PBS Server already running.

but when I do “/etc/init.d/pbs status” it shows:

pbs_server is not running
pbs_sched is not running
pbs_comm is not running

I am confused. I run few jobs, they remain in queued and error file shows:

/var/spool/pbs/mom_priv/jobs/2001.PiMaster.SC: line 28: /home/pi/demo/fpi-serial: Permission denied

and output file is:

SSH is enabled and the default password for the ‘pi’ user has not been changed.
This is a security risk - please login as the ‘pi’ user and type ‘passwd’ to set a new password.

Thanks for helping
Best

Could you please check these

  1. SELinux is disabled and if you disable now restart the system
  2. Firewall is disable or allows ports 15001 to 15009 and 17001
  3. All the systems in the clusters should have static IP and hostname (DNS is resolvable) and /etc/hosts on all the systems are populated correctly and resemble the same
  4. make sure the password-less SSH for all the users work without being asked for a password or hostkeychecking
  • PBS Server to compute node
  • Compute node to PBS Server
  • Compute node(s) to Compute node(s)

Please check and share the server / scheduler / comm logs , the tail end of the logs should have some reason for exiting.
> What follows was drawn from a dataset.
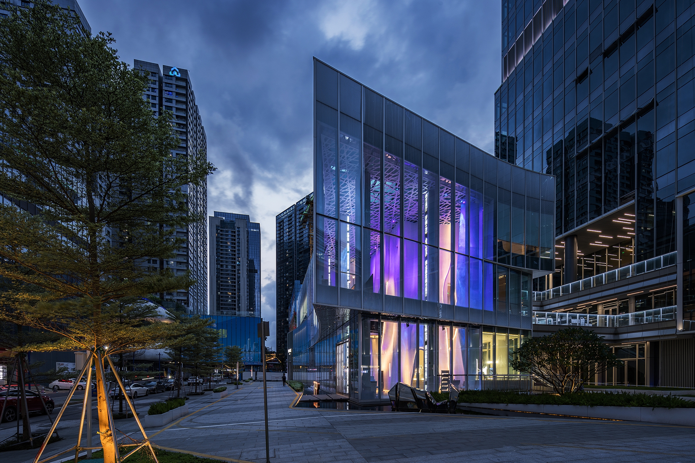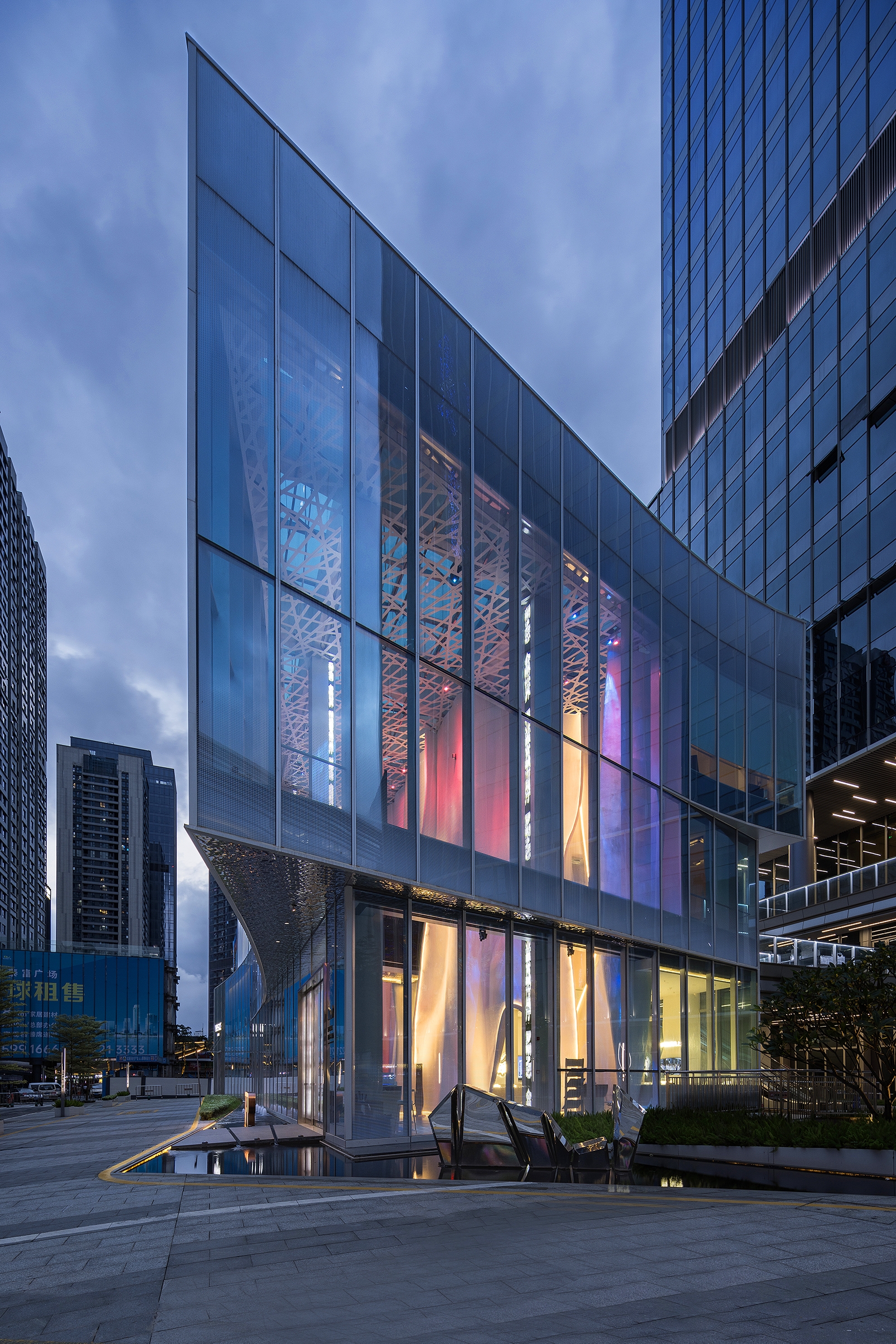 Entry DescriptionShumYip Taifu KeChuang Marketing Center is based on the concept of the interior design “The VeiL- City Lounge” of the architecture, and the unique spatial form designed with lighting effects serves as the architectural lighting expression for the marketing center. As a real estate marketing center, the lighting not only showcases the architectural uniqueness but also emphasizes the brand tone of the property itself, conveying the architect's intention to create a design concept of contrast and harmonious integration.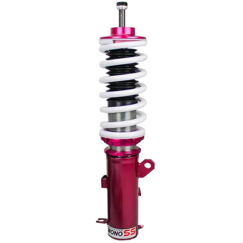 Godspeed Project's MonoSS is our one entity in our family of single-adjustable coilover suspension kits. These coilovers are designed to be a streetable race built coilover at an affordable price. It features a monotube damper that is made out of a carbon seamless steel 52mm tube with a performance internal piston providing maximum damper response. The cold-bent springs are made from high strength SAE9252 steel to optimize the balance between performance and comfort. Using race quality shock oil, Godspeed Project can guarantee exceptional damper performance at any temperature on and off the track. The top of the shock is attached to the car using a high quality top hat that features a high performance Japanese KOYO 6204Z bearing pillow ball mount (when applicable). The bottom shock brackets are made out of a T7075 forged aluminum or carbon steel brackets for lighter weight without sacrificing durability which also includes brake line brackets (when applicable). The MonoSS offers 16 level of damper adjustability which can be set to your preference.

Please share your job submission script with information blocked out
It seems there was an issue with permission executing the line 28, which is /home/pi/demo/fpi-serial

Hope this helps

Hello Adarsh and thanks for your help. I am new to installing PBS even though I used it a lot to run my simulations few years ago. I am building a cluster made of Raspberries and need PBS, for now I am testing it before I install all the nodes. Current setting is 1 Master (PiMaster) and 2 nodes (Pi01 and Pi02).

For your points:

  1. I don’t think SELinux is installed

  2. Ports 15001 - 15009 and 17001 here is the output

    pi@PiMaster:/mnt/nfs $ sudo nmap -p 15001-15009 192.168.0.106
    Starting Nmap 7.70 ( https://nmap.org ) at 2021-03-05 08:26 EST
    Nmap scan report for PiMaster (192.168.0.106)
    Host is up (0.000072s latency).

    PORT STATE SERVICE
    15001/tcp open unknown
    15002/tcp closed onep-tls
    15003/tcp closed unknown
    15004/tcp closed unknown
    15005/tcp closed unknown
    15006/tcp closed unknown
    15007/tcp open unknown
    15008/tcp closed unknown
    15009/tcp closed unknown

    Nmap done: 1 IP address (1 host up) scanned in 0.52 seconds

  3. /etc/hosts file is the same on all

127.0.0.1 localhost
::1 localhost ip6-localhost ip6-loopback
ff02::1 ip6-allnodes
ff02::2 ip6-allrouters

192.168.0.106 PiMaster
192.168.0.102 Pi01
192.168.0.103 Pi02

  1. shh between master and nodes and reverse is w/o password.

  2. Can you please advise how to:
    Please check and share the server / scheduler / comm logs , the tail end of the logs should have some reason for exiting.

  3. Submission script is

#PBS -lselect=3:ncpus=4
mpiexec /mnt/nfsshare/helloworld

Thanks again for you help.
Best and stay safe

The script I referred to in my first submission is:

#!/bin/bash

Calculate pi by integrating f(x)=4/(1+x^2)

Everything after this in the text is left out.